**REQUIRED ACTION**
Output nothing but the lines from the first line of the listing below through the line containing "银灰色86型HDMI弯头加音频免焊高清2.0音频免焊接线莲花音频面板", printed exactly and free of pictures.

**MATERIAL PROVIDED**
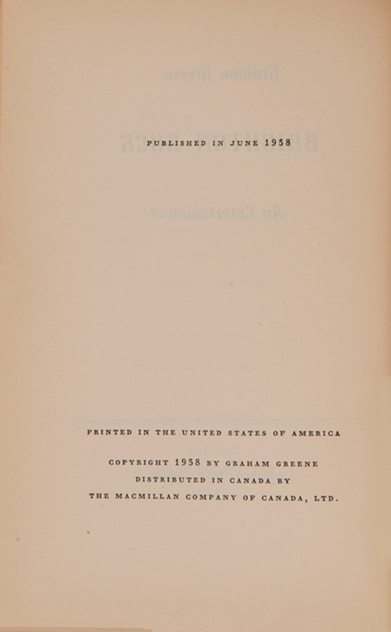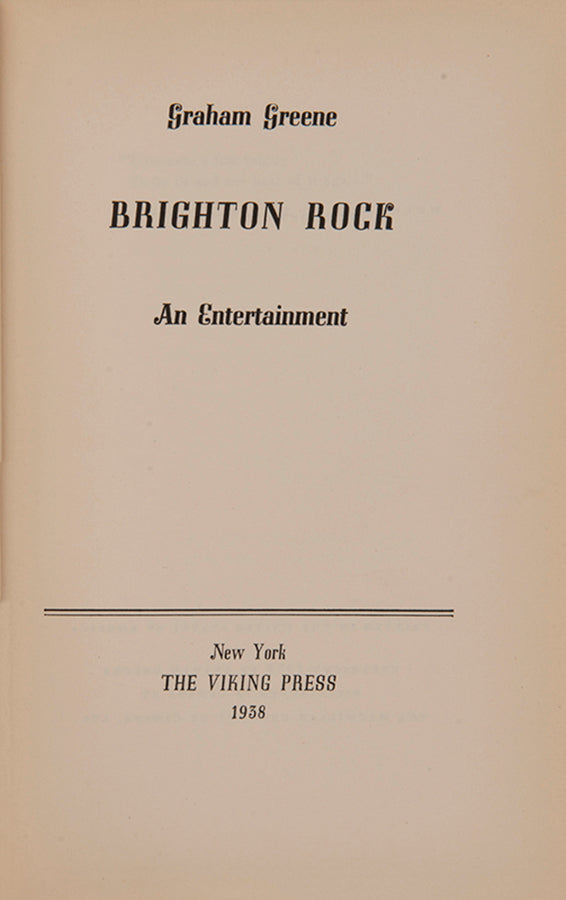 The first edition, published in New York, of Greene's (1904-1991) classic murder-thriller Brighton Rock. The original pictorial dustjacket with design by George Salter.
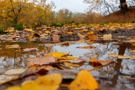 beautiful autumn landscape, closeup of colorful leaves in a forest, leaves on the surface of a puddle of water, cloudy weather
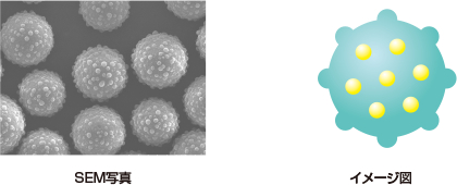 - ラズベリー状形状の突起により接触面積が小さくなり球状粒子よりも感触が向上。
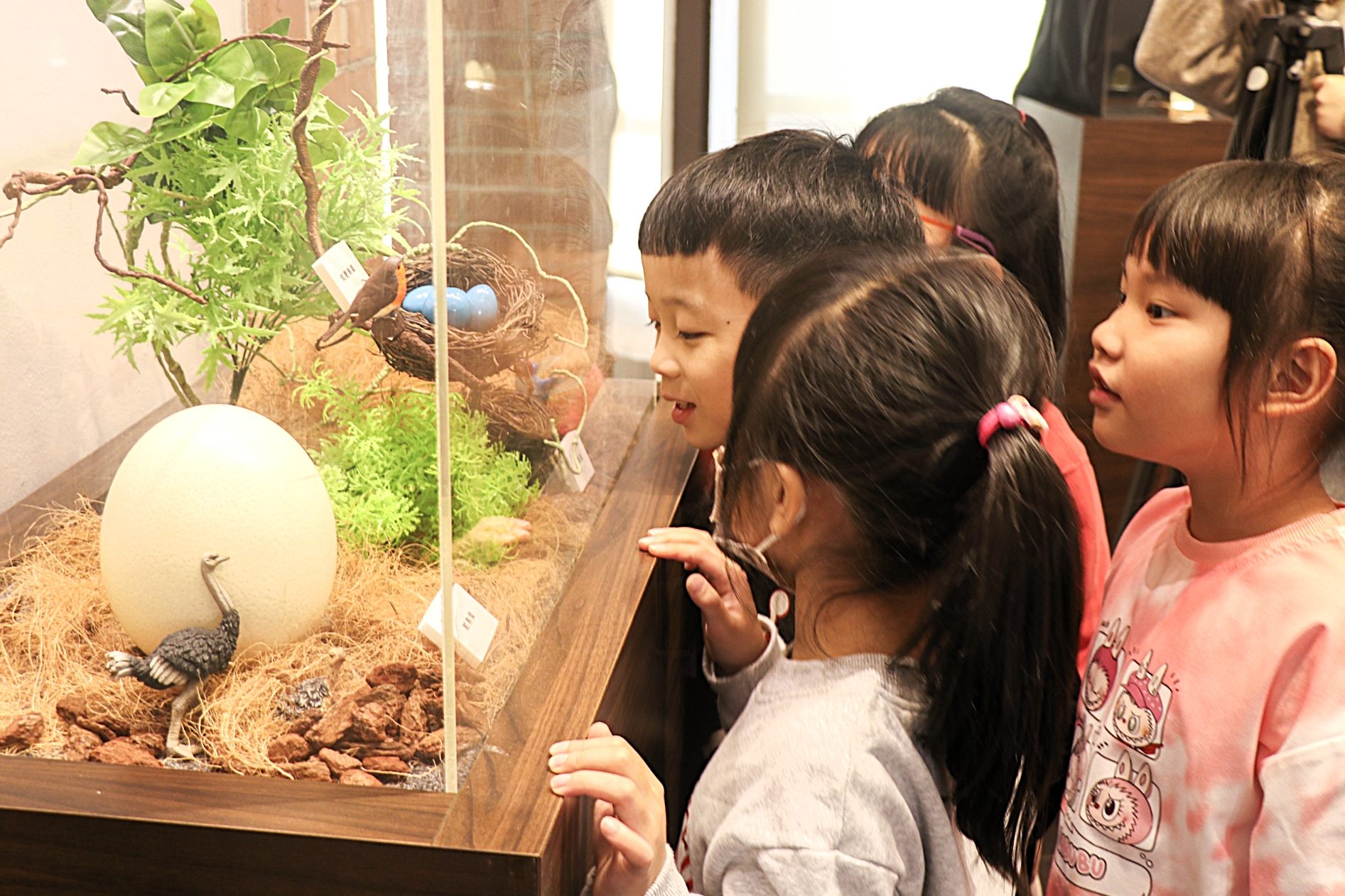展覽亦規劃「鳥類與爬蟲類的蛋」主題展區,介紹不同動物因應生活環境所發展出的蛋殼結構、形狀與保護方式,透過清楚、易於理解的展示設計,讓孩子在沒有艱深專業術語的情況下,自然認識演化概念,培養尊重生命與環境的態度。
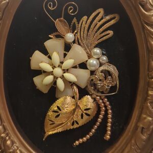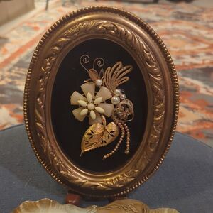 absolutely stunning is also a piece of handmade jewelry. vintage brooches wall art comes on stand or you can hang on the wall. just a gorgeous set.
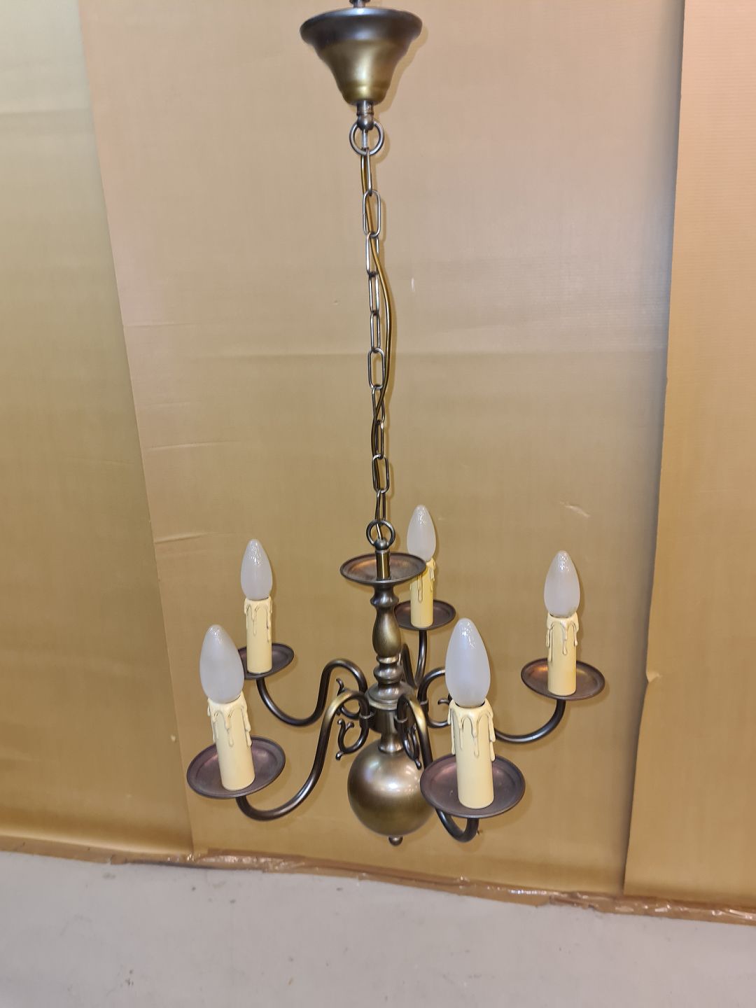 Nyere 5 armet kirkekrone. Fremstår fin og funktionsdygtig.
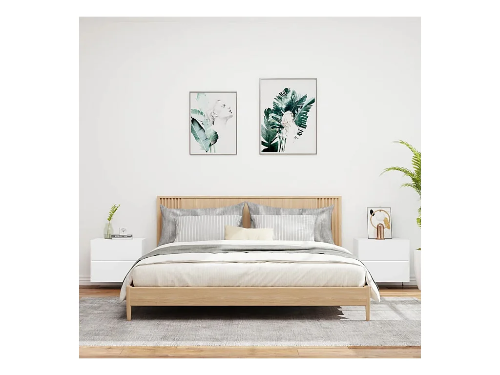 Mesas de cabeceira de parede com luzes LED 2 pcs branco PT61484
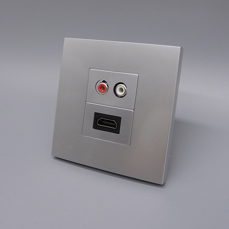 银灰色86型HDMI弯头加音频免焊高清2.0音频免焊接线莲花音频面板
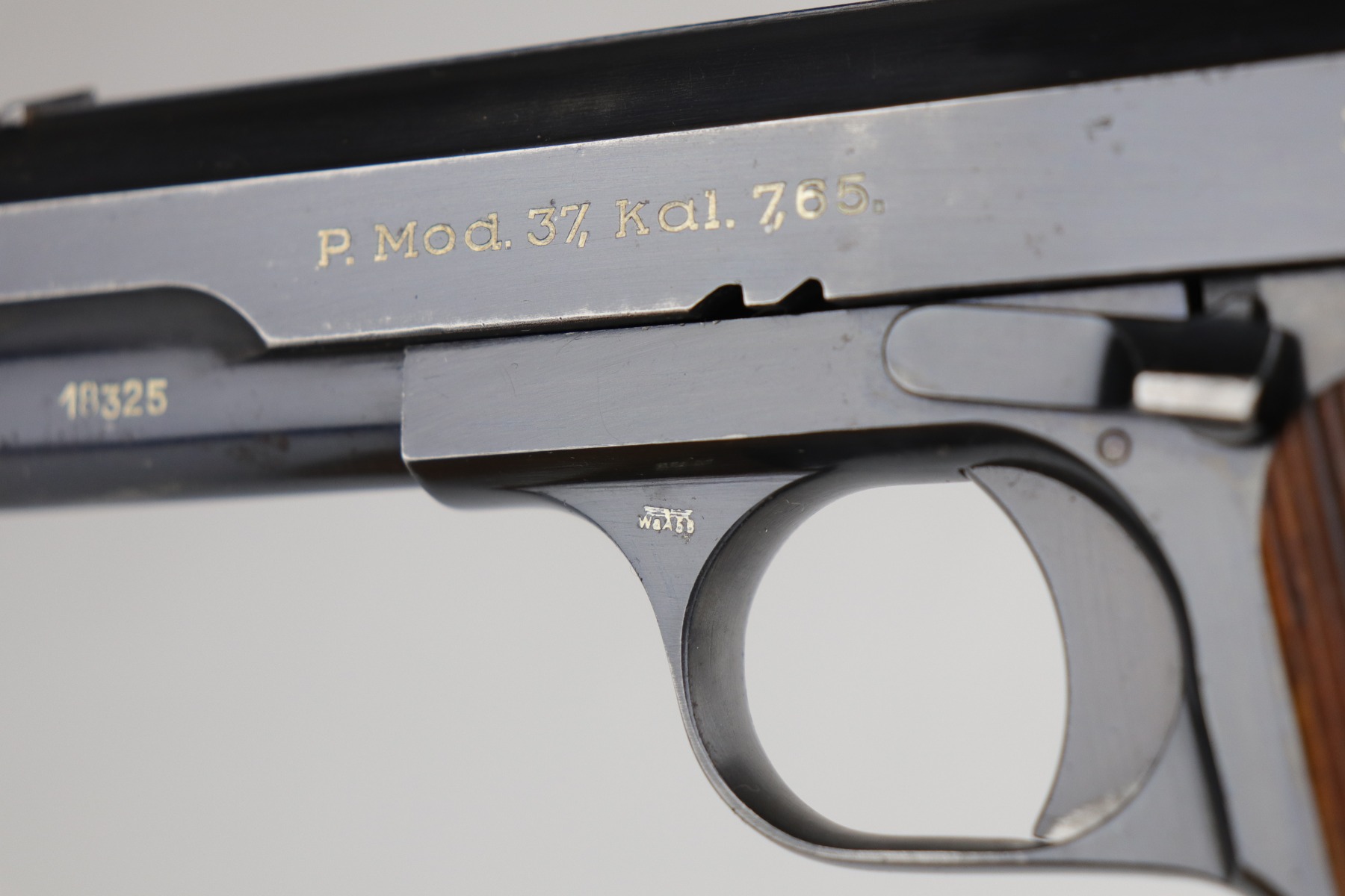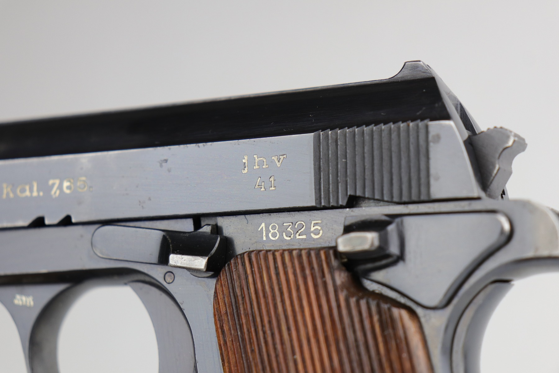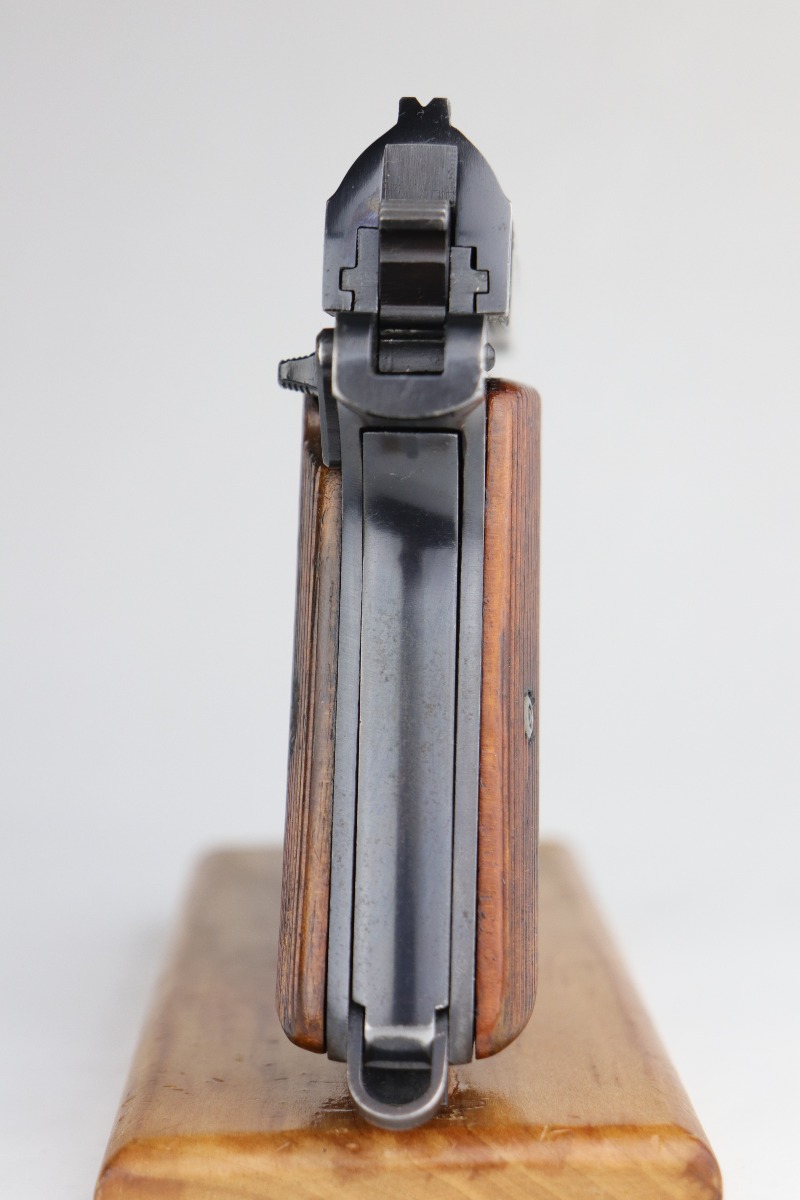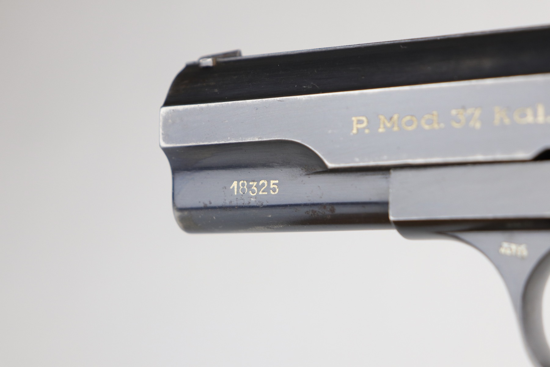 5/21/20 – This is an all matching and original Nazi Femaru Model 37 from 1941 with one original, matching magazine. The gun has retained about 95-96% of its original high-polish finish. Most of the wear is on the front strap. There very light pin-pricking on the straps. There is very minor high edge wear on the slide. There are also just a couple of very small areas of thinning on the slide. Excellent grips and minty bore.
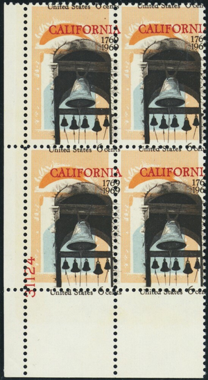 1373, Mint NH Outrageous Color Shift Error Plate Block California - Stuart Katz
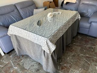 Se vende mesa salón ovalada de madera color nogal y cristal fume ,lista para dejarla sin ropa camilla (incluida está) si lo desea, en muy buen estado 108 cm por 80 cm..
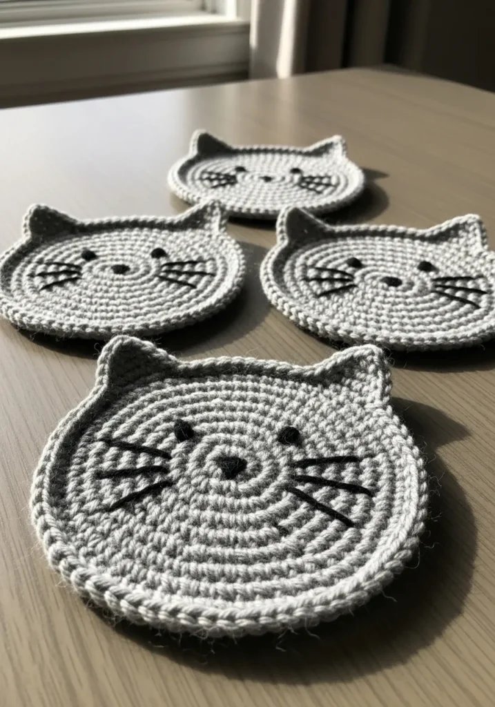 These sweet knit coasters are shaped like round little cat faces with tiny pointed ears at the top. They are worked in a soft light gray yarn with neat circular stitches that create a subtle spiral texture. Simple black stitched eyes, a small nose, and whiskers bring each kitty to life without overpowering the clean design. The edges are slightly raised, giving them a finished look while keeping that cozy handmade feel.
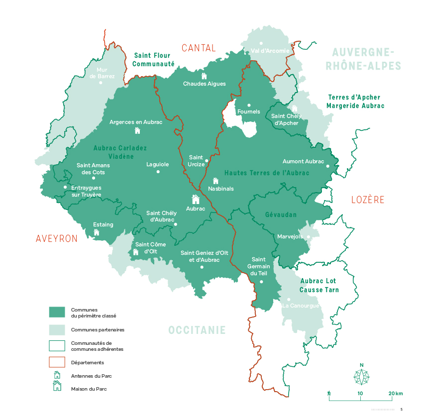 Le Syndicat mixte de gestion et d’aménagement du Parc de l’Aubrac est composé non seulement des communes du périmètre classé mais également de communes partenaires qui ont volontairement adopté la Charte du Parc.

**ANSWER TO THIS TASK**
 The first edition, published in New York, of Greene's (1904-1991) classic murder-thriller Brighton Rock. The original pictorial dustjacket with design by George Salter.
 beautiful autumn landscape, closeup of colorful leaves in a forest, leaves on the surface of a puddle of water, cloudy weather
 - ラズベリー状形状の突起により接触面積が小さくなり球状粒子よりも感触が向上。
展覽亦規劃「鳥類與爬蟲類的蛋」主題展區,介紹不同動物因應生活環境所發展出的蛋殼結構、形狀與保護方式,透過清楚、易於理解的展示設計,讓孩子在沒有艱深專業術語的情況下,自然認識演化概念,培養尊重生命與環境的態度。
 absolutely stunning is also a piece of handmade jewelry. vintage brooches wall art comes on stand or you can hang on the wall. just a gorgeous set.
 Nyere 5 armet kirkekrone. Fremstår fin og funktionsdygtig.
 Mesas de cabeceira de parede com luzes LED 2 pcs branco PT61484
 银灰色86型HDMI弯头加音频免焊高清2.0音频免焊接线莲花音频面板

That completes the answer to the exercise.